I sigh in acceptance, and he takes it as an invitation, rolling towards me and cupping my face. I look into his deep green eyes, and for a moment, I swear he looks sad. But he can’t possibly be. He doesn’t know what’s really been plaguing me these past couple months.

He closes his eyes and presses his lips against mine. I pull him closer and he moves himself above me. My mouth opens on a soft moan and he takes advantage, pushing his way inside. Our tongues clash and our bodies grind against each other as we rid one another of our clothes, coming together completely one last time.

It’s a night I will never forget. I’m so grateful that the bedroom light is out, and the moon is low so he can’t see the tears I can’t hold back in the dark.

“Decker?” I take some comfort in the heat radiating from his naked body pressed up against my back. It makes me feel bold. Bold enough to speak my heart? My mind? 

“Hmm?”

“Things are going to change.” I close my eyes tight, badly wanting to tell him everything. How much I love him…really, really love him. And that I’m going to Stanford. I want him to assure me that everything will be okay…that we’ll be okay. That he loves me, too, and we’ll make it work despite the distance.
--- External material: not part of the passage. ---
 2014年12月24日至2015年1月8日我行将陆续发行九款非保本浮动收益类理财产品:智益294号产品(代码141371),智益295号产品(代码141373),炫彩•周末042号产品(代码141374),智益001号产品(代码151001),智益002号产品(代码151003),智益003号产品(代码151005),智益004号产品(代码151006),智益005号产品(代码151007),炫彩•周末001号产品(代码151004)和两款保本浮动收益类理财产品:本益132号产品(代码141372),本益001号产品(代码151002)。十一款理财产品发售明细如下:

I need his strength.

“Nah.” He yawns loudly, the liquor on his breath wafting over my shoulder as he exhales and pulls me tighter against him. “We might not see each other as much…but we’ll always be best friends.”

The small glimmer of hope I had burns out in the night.
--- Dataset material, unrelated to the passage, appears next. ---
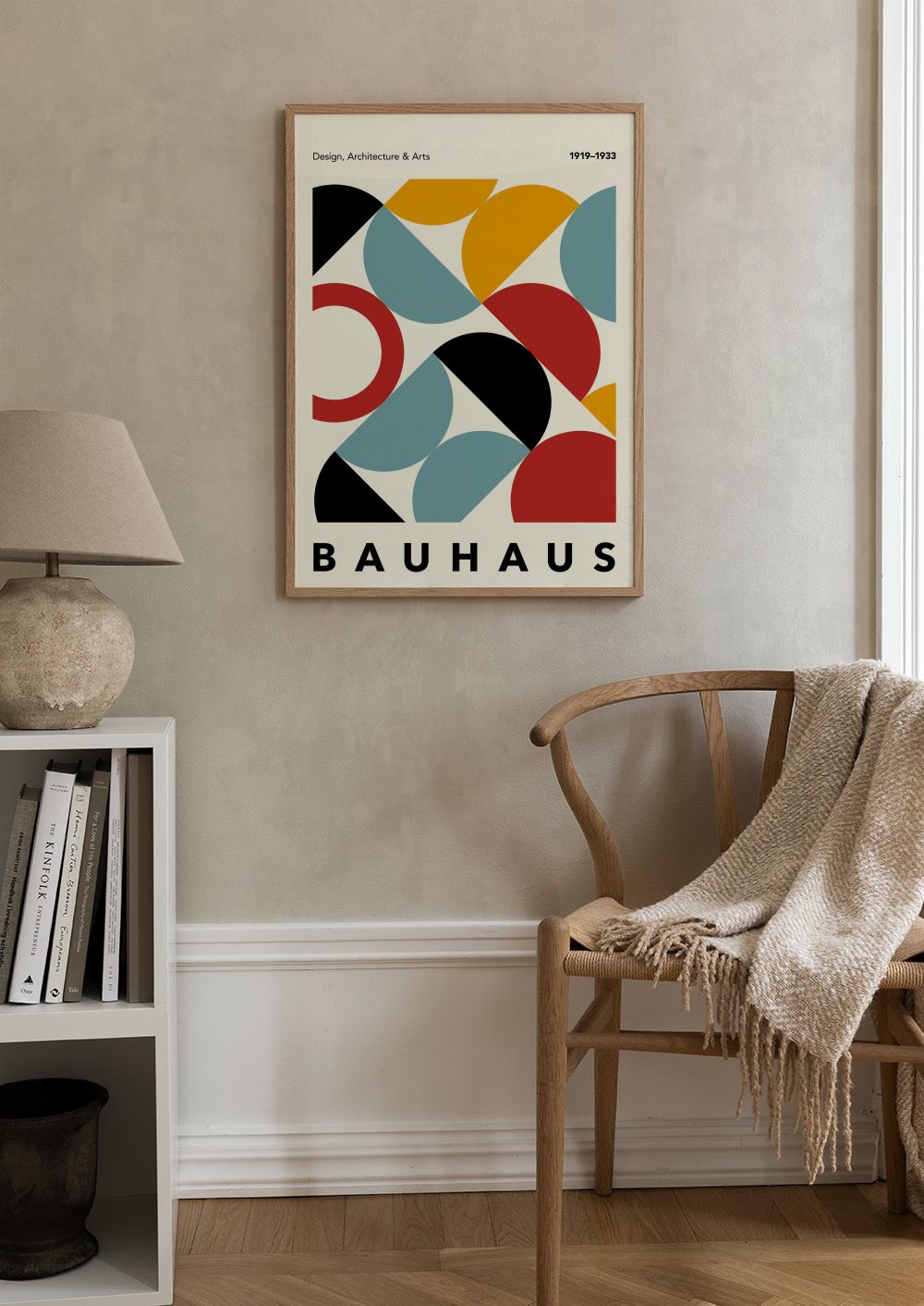 From $21.60A print with colourful geometric shapes in red, blue, yellow, black, and white on a cream background. Perfect wall art for lovers of design and architecture.

“Best friends…right.” A final tear falls from my eye, runs down my cheek and drops to the pillow with an audible plop.

“Forever…” he murmurs.

By morning, Decker is gone.

A few hours later, so am I.

Chapter Five

 

Decker

 

 

 

 

 

 

One Week Later

 

It’s been one week since I’d last seen Casey. Her car hasn’t been in the driveway, and she’s not answering any of my calls or texts. Her bedroom window is even locked—it’s never locked. I know I was drunk the last time we’d seen each other, but I don’t think I’d said or done anything stupid. And she wouldn’t be ignoring me if I did, she wouldn’t shut me out. Casey would’ve given me hell for it. That’s just the type of girl she is. She always calls me out on my shit.

I’d been too busy to catch up with her during the week because of training, but I’m not letting this go on any longer.
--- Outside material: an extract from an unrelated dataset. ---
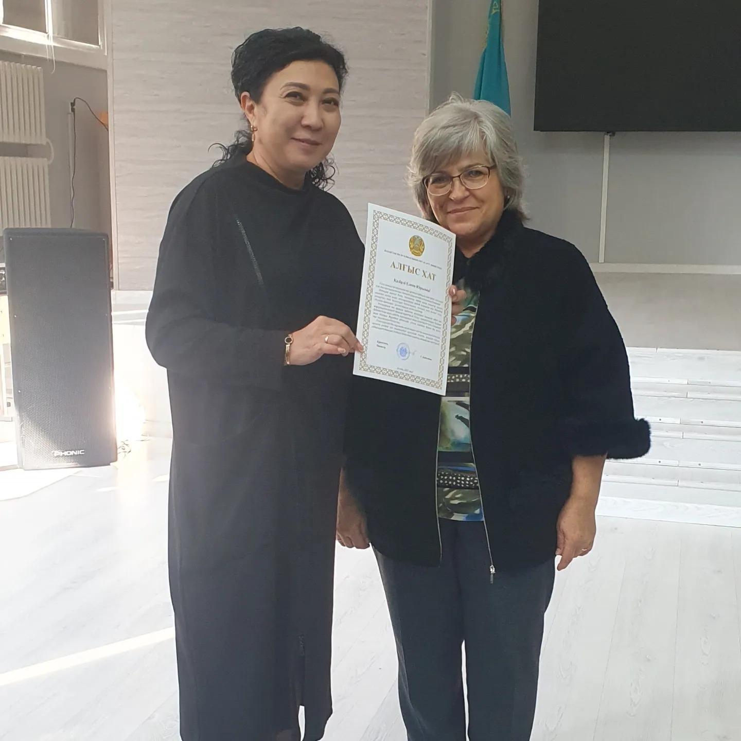 Білім саласындағы көп жылғы еңбегі үшін мектебіміздің ұстаздары Елена Юрьевна Караджаева мен Лидия Николаевна Масанованы Қазақстан Республикасының Білім министрі Ғани Бектайұлы Бейсембаевтың Алғыс хатымен марапатталғандарымен шын жүректен құттықтаймыз! Сүйікті ұстаздарымызға зор денсаулық, ұзақ ғұмыр, еңбектеріне шығармашылық табыс тілейміз!Поздравляем учителей нашей школы Караджаеву Елену Юрьевну и Масанову Лидию Николаевну,награжденных благодарственными письмами за многолетний труд в образовании от Министра Просвещения Республики Казахстан Гани Бектаевича Бейсембаева!

“Hey, Mrs. Evans,” I say as I approach Casey’s mom. She’s unloading groceries from the trunk of her car. “Let me help you with those.” I grab a few bags.

“Thanks, hon.” She pushes the trunk lid down with her elbow and starts walking to the house. “How are you doing?”

“I’m doing well. Is Casey home? I haven’t seen her car, and she’s not answering my messages. I probably did something to make her mad again.” I give her my best ‘get out of trouble’ smile, but it quickly turns into a frown when I see the expression on her face. She looks upset. “What is it? Is it Casey? Is something wrong?”

“I’m sorry, Decker. I thought Casey would have told you.” She unlocks the front door and ushers me inside.

“Told me what?” Now I’m panicking. Where the hell is Casey? “Where is she?”

“She’s gone, sweetie. She left a week ago. Last Saturday morning.”

Last Saturday morning…the morning after the night I’d last seen her…she hadn’t told me she was going anywhere. Come to think of it, she hadn’t said much that night at all.

“Where did she go?”

“California,” Mrs. Evans says, eying me as if I should already know the answer to my question. And dammit, I should know. She should have told me. What the hell is Casey doing in California? Vacation?

“Why?” I ask, feeling like an even bigger idiot.

Mrs. Evans looks at me curiously. “Didn’t the two of you talk about your future plans at all, Decker?”

I think about it for a moment, did we? We’d talked about me going to South Carolina to play ball. But had we ever talked about what she’d wanted to do? I think back over our summer and even senior year and can’t recall a moment when Casey had mentioned what she’d wanted to do after high school. I can’t think of a moment when I’d asked her, either.

Things between us had been weird over the summer. We hadn’t talked as much as we usually had. She had been keeping something from me. I’d thought she was just working it out in her head and would come to me when she was ready.

Shit.

Mrs. Evans saves me from further humiliation. “College, Decker. Stanford? She left for college.”

“Right, of course,” I nod. “I didn’t realize she was already gone is all.”

Bullshit.
I didn’t realize she was already gone?
How about I hadn’t even known she was leaving? Stanford? That’s news to me!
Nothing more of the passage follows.